Une étude de Grant Thornton, groupe leader d’audit et de conseil en France et dans le monde, menée par Experian Business Strategies Ltd. auprès d’un panel de 7 400 entreprises privées, à travers 36 pays représentant 81 % du PIB mondial, montre que 39 % des dirigeants de PME françaises interrogés considèrent que la fiscalité n’a aucun impact dans leurs décisions d’investissement à l’étranger comparé à 17 % au niveau mondial.




Jérôme Bogaert, associé responsable du département fiscal de Grant Thornton Société d’Avocats, analyse : « Dans le cadre d’un investissement à l’étranger, les aspects fiscaux sont obligatoirement à prendre en considération bien avant l’investissement. La fiscalité générée par une nouvelle implantation à l’étranger, sous quelle que forme que ce soit, peut, en effet, représenter un coût significatif et non anticipé pour l’entreprise. C’est pourquoi il est important de bien connaître l’environnement fiscal du pays concerné avant toute prise de décision, dans le but de minimiser et de prévoir avec un minimum de fiabilité l’impact fiscal immédiat et/ou différé en découlant. Les dirigeants français de PME y sont nettement moins sensibles que leurs homologues étrangers à la fois pour des raisons culturelles et techniques : c’est aussi une question de formation et de mentalité ».
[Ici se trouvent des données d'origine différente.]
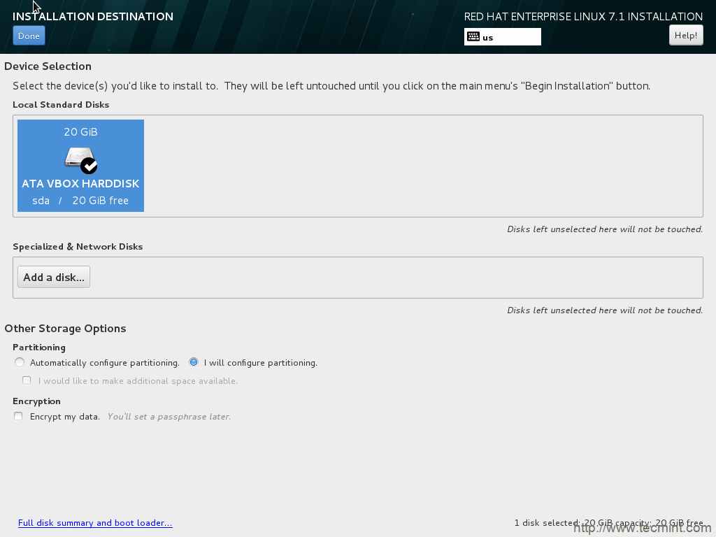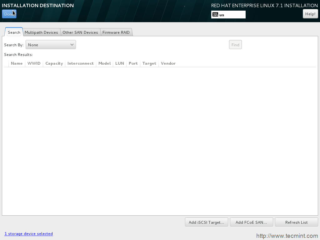 12. You may add multiple partitioning, RAID and SAN Devices. If not required, you may click done.
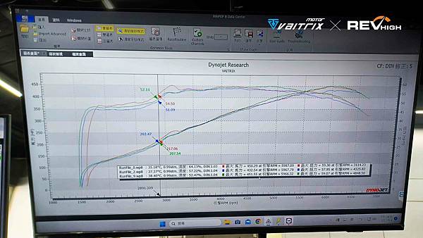 客人先前搭配他牌二階內寫,馬力數據高(輪上451.55 Hp)但卻也讓油壓數值太高!Dr. Simon將數據做調整下修(輪上432.54Hp),耐用度大大升級!安全無虞!動力升級就是選擇VAITRIX可以做到每台車專屬的編程!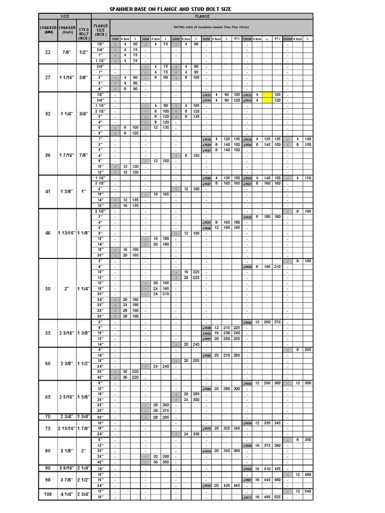 Spanner Base on Flange and Studbolt Size Plumbing Mechanical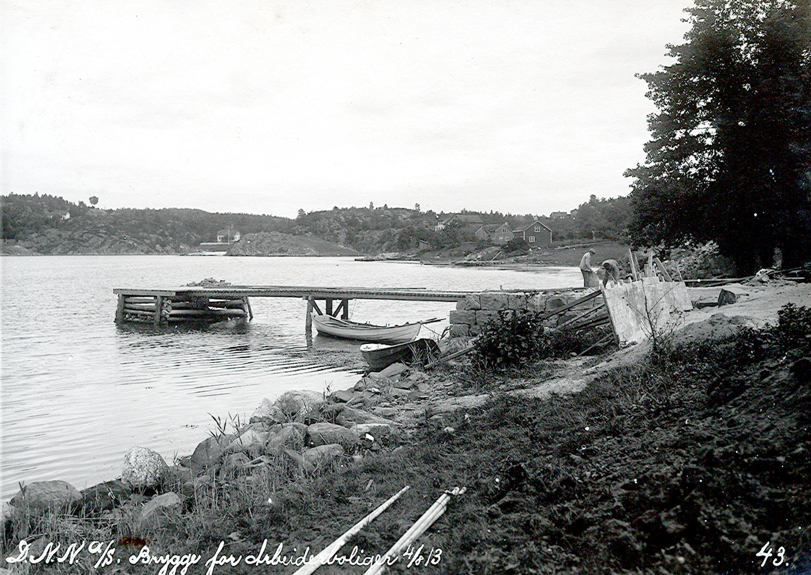 Eydehavn. Brygge for arbeiderboliger i Neskilen. Nesgaten ligger oppe til høyre. I bakgrunnen kom senere Folkets Hus, Neskil bru og etter hvert Moland Rådhus. Ved denne brygga regnes også med at det meste av byggematerialet til arbeiderboligene kom i land, og ble fraktet med hest og kjerre til byggeplassen. Foto: Løvfold, 4.8.1913. Stort bilde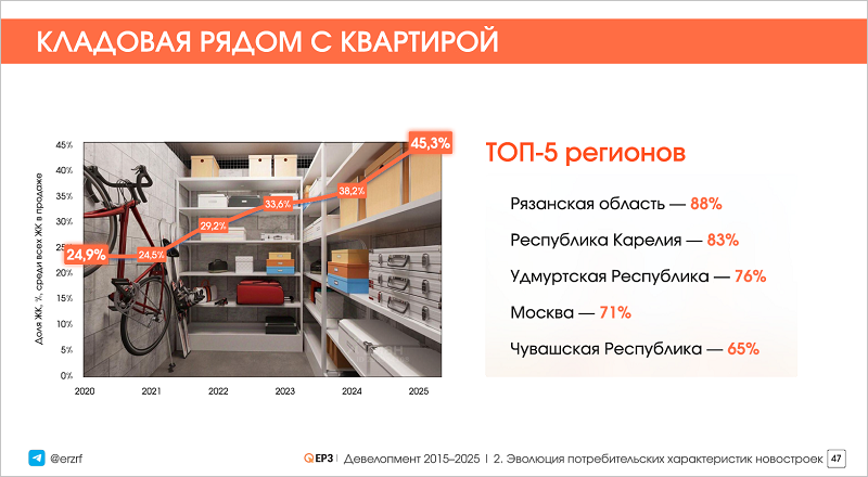 Доступность и комфорт. Подземный паркинг на кнопке лифта стал нормой в крупнейших агломерациях (83% проектов в Москве, 66% — в Санкт-Петербурге). Сквозные подъезды «двор-улица» предусмотрены в 26% новостроек, почти в половине проектов появились кладовые рядом с квартирой.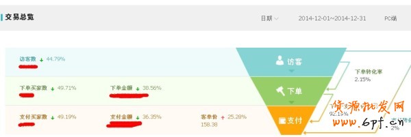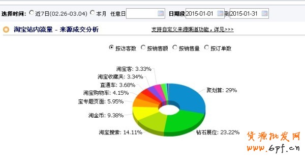 從上圖,我們可以大致的看出整體店鋪的流量結構。從12月份的流量結構來看,店鋪的免費流量并不是很高,尤其是自然搜索流量更低,并且免費流量大部分來源于淘寶專題頁面,聚劃算的流量占比也是相當高,可以說,整體的流量結構并不是很健康。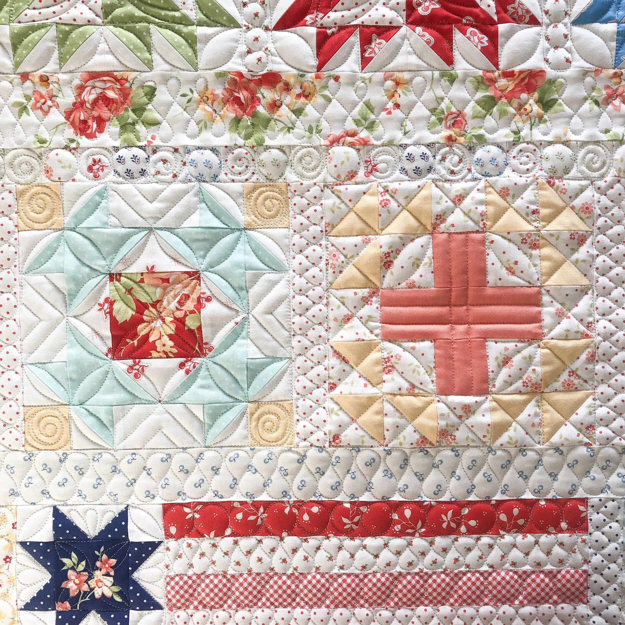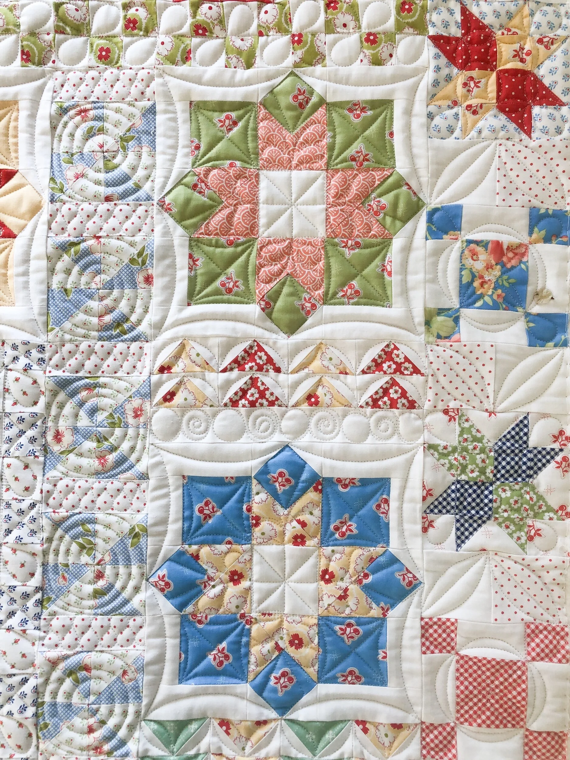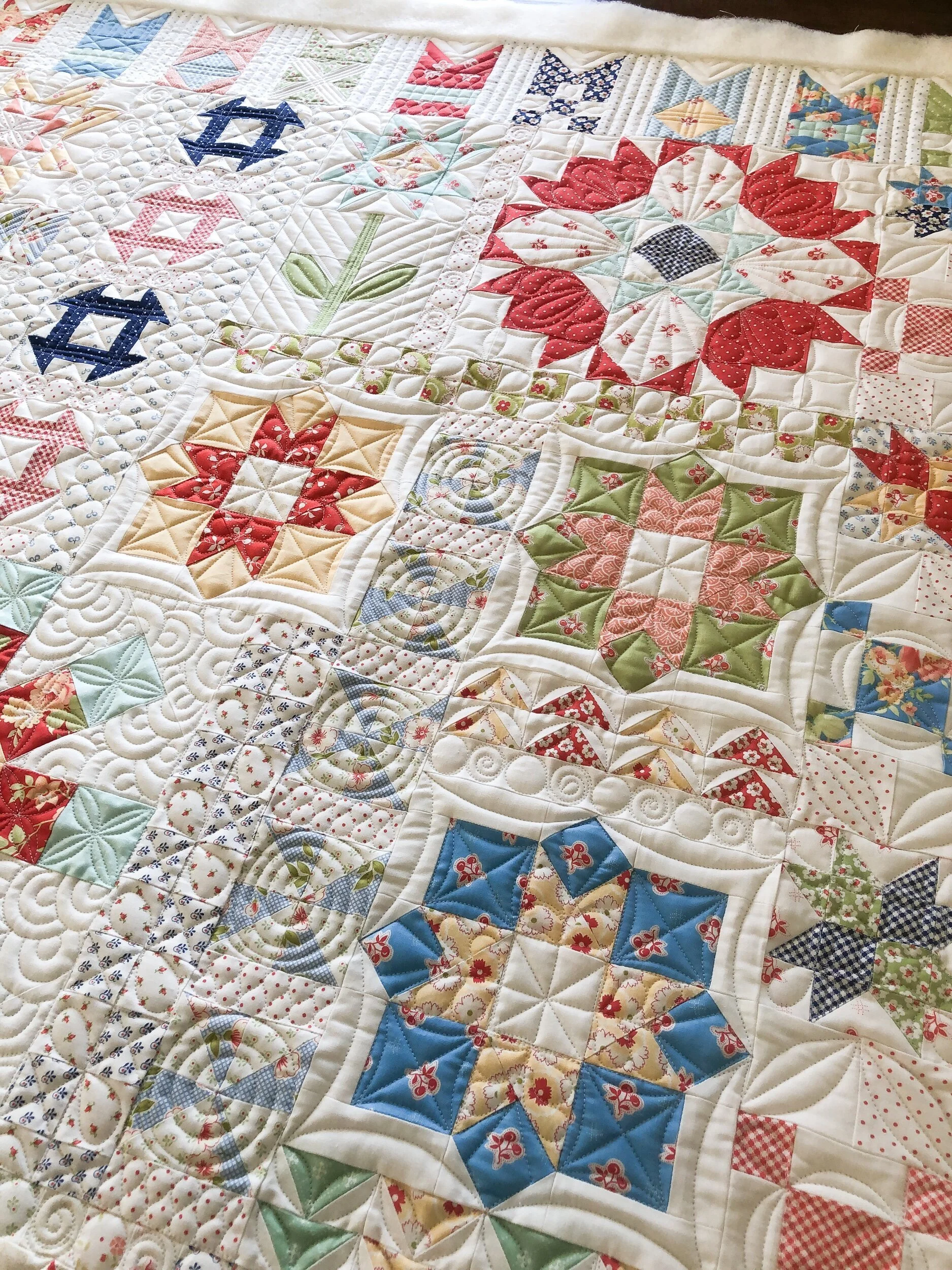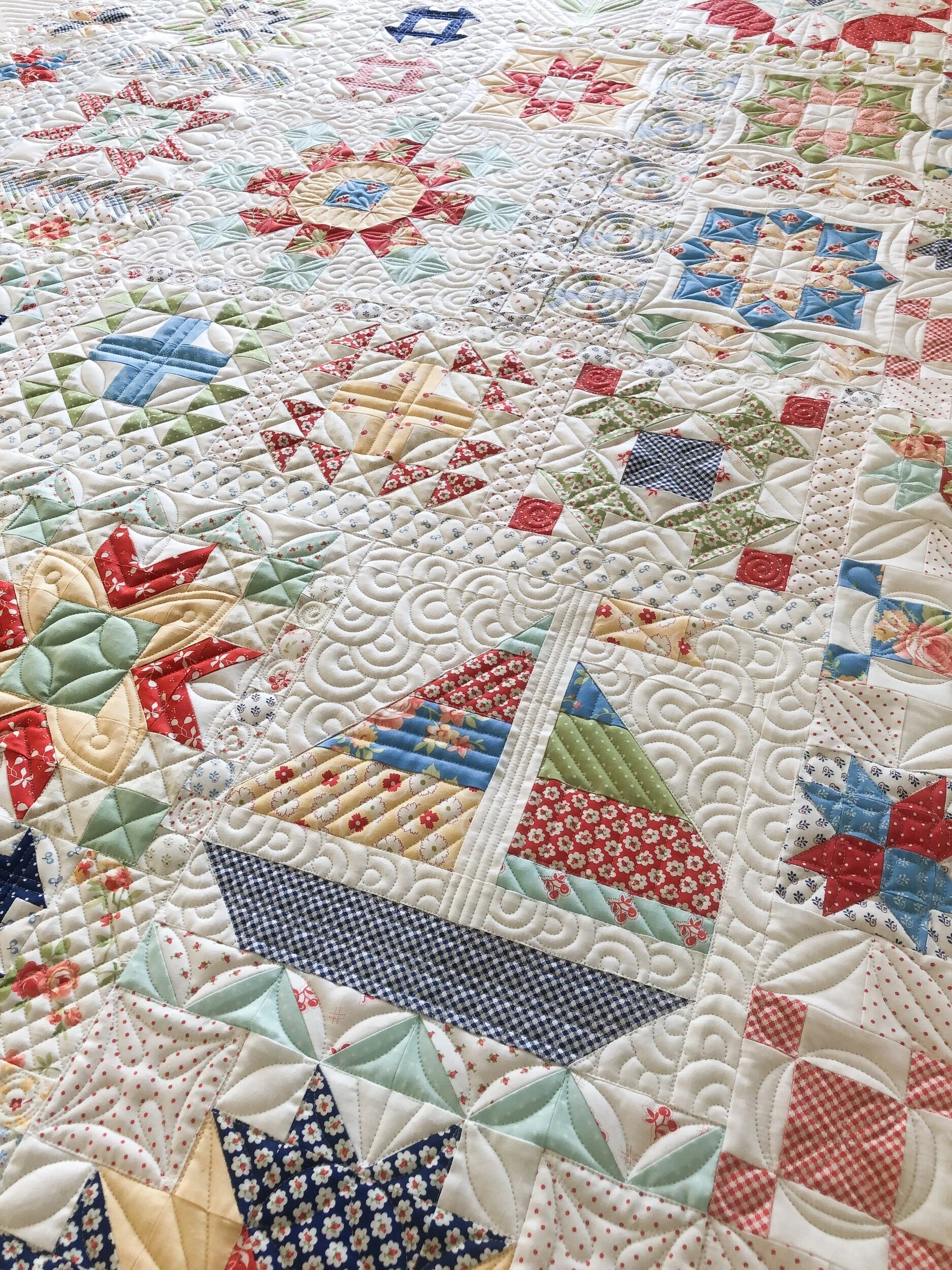 Orange peel petals in a variety of sizes, circles and swirls, ribbon candy, arcs, a variety of different lines, and so on. If you look at the quilt, that’s really all it is. The variety of those designs really play well with the shapes in the quilt blocks, and adds such an incredible amount of texture. This is my favorite way to quilt a sampler quilt. I also want to point out there isn’t a lot of background filler…stippling, pebbles or swirls, grassy texture…and so on. The only background filler is my overlapping circles in three of the blocks. A couple of wagon wheel blocks and the sail boat block. By simplifying the backgrounds, the quilt blocks shine and the quilt isn’t over quilted. I like to use the “background” of a quilt block to enhance the quilting within the block. It adds so much to the block itself, making it unique because of the shapes, yet keeping that design harmony. My quilting philosophy is to keep my quilting clean. It just looks so much better! If you machine quilt, I challenge you to try something custom on the next sampler that you quilt. Don’t be afraid of rulers, if you haven’t tried them. They are an incredible asset to your quilting, and can help you achieve some pretty amazing designs!!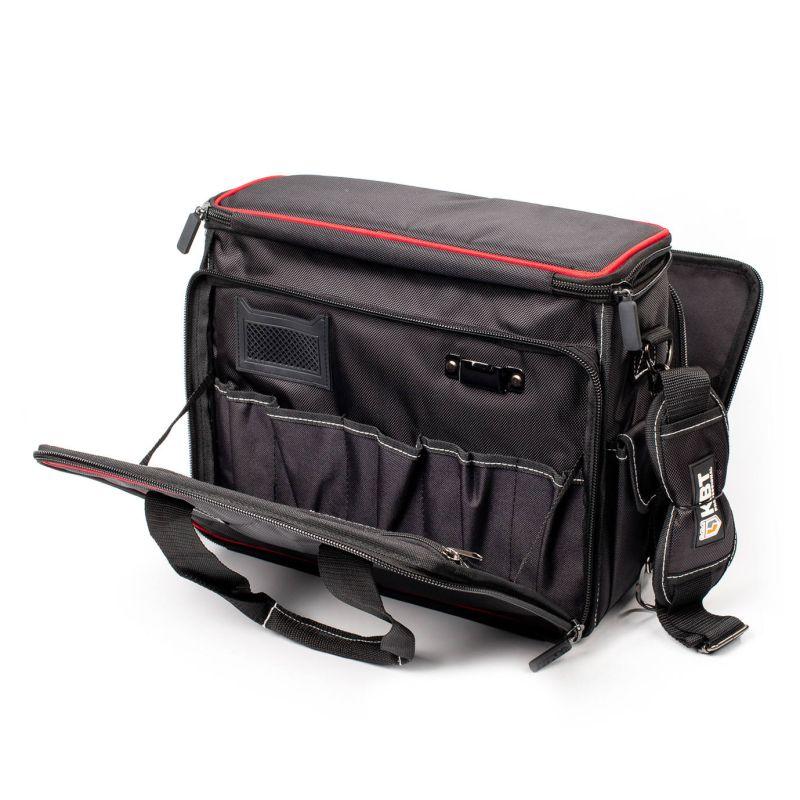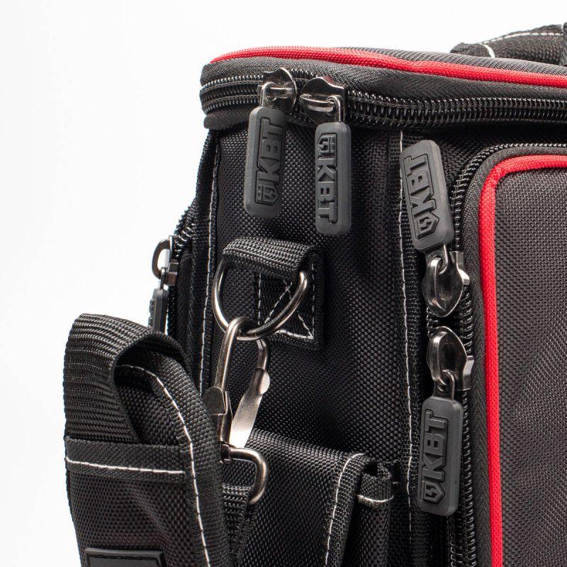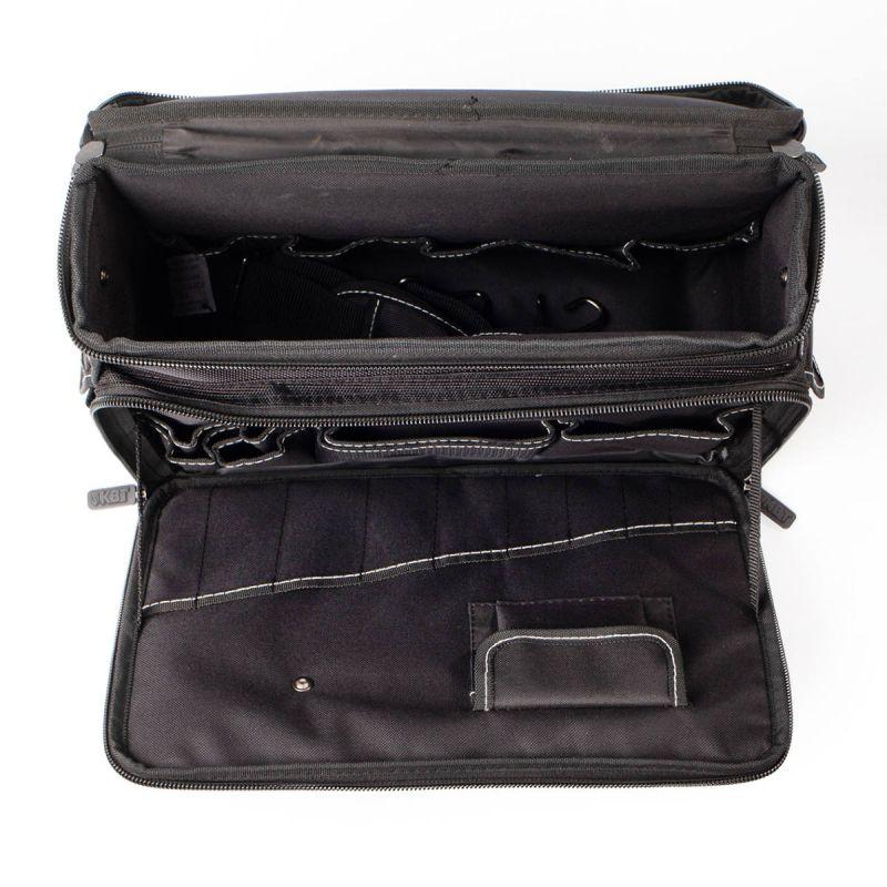 • заднее отделение с откидной стенкой, 6 карманами и 1 металлическим держателем для рулетки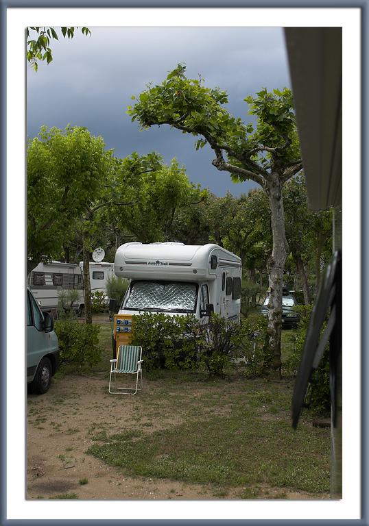 Vom Campingplatz aus sahen wir über den Alpen hohe Gewittertürme stehen, gegen später wurde auch über uns der Himmel dunkel und in der Nacht regnete es heftig.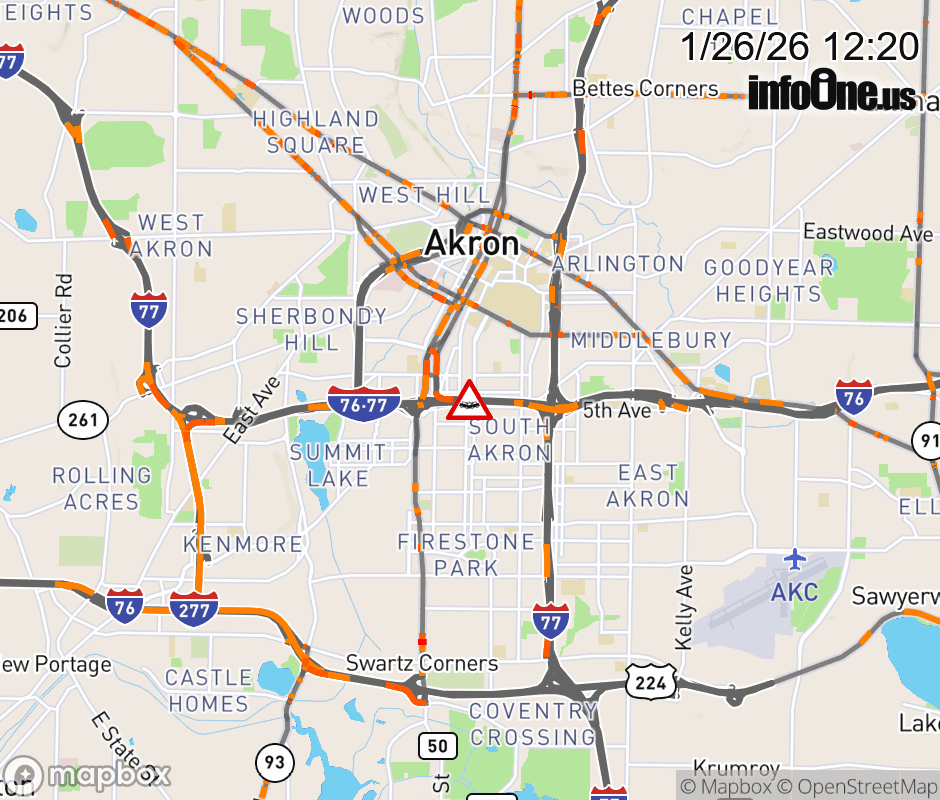 The left lane is blocked on I-76 West/I-77 North beyond SR-8, due to a crash. ![]() |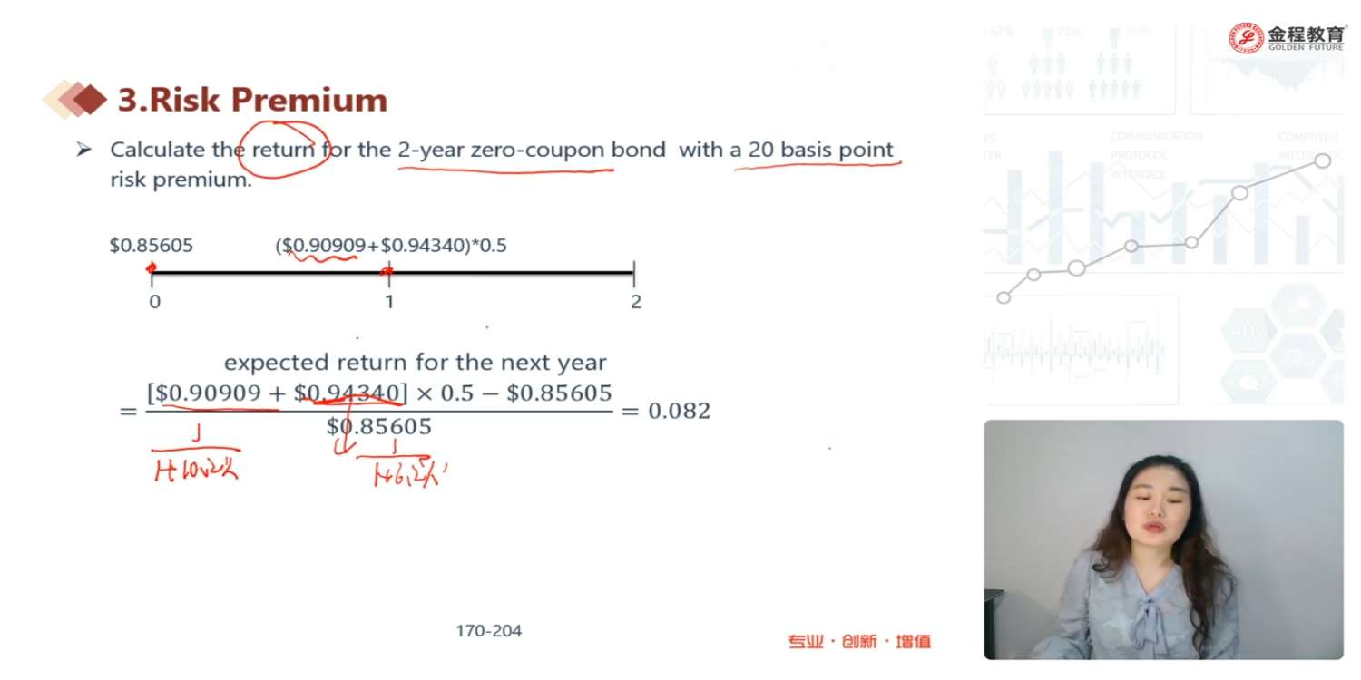 已解决老师,这个地方算收益率为什么折现到1时刻的价格不需要加上risk premium? 如果解释说是因为站在1时刻两个利率6%和10%已经代表spot rate那么我认为即期利率应该就是固定的,怎么还会出现两种情况?麻烦老师解释一下

Les aspects fiscaux qui pourraient inciter davantage les chefs d’entreprises françaises à envisager la création d’une filiale ou d’un établissement à l’étranger sont un taux réduit de charges patronales (à 42 %), une période de franchise fiscale de 5 ans (à 33 %), ainsi qu’un régime fiscal stable dans la zone d’investissement (29 %). En revanche, au niveau européen, les principaux aspects fiscaux incitatifs seraient un régime fiscal équilibré et un faible taux d’imposition des bénéfices (respectivement 40 et 39 %), mais également une période de franchise fiscale de 5 ans (39 % également).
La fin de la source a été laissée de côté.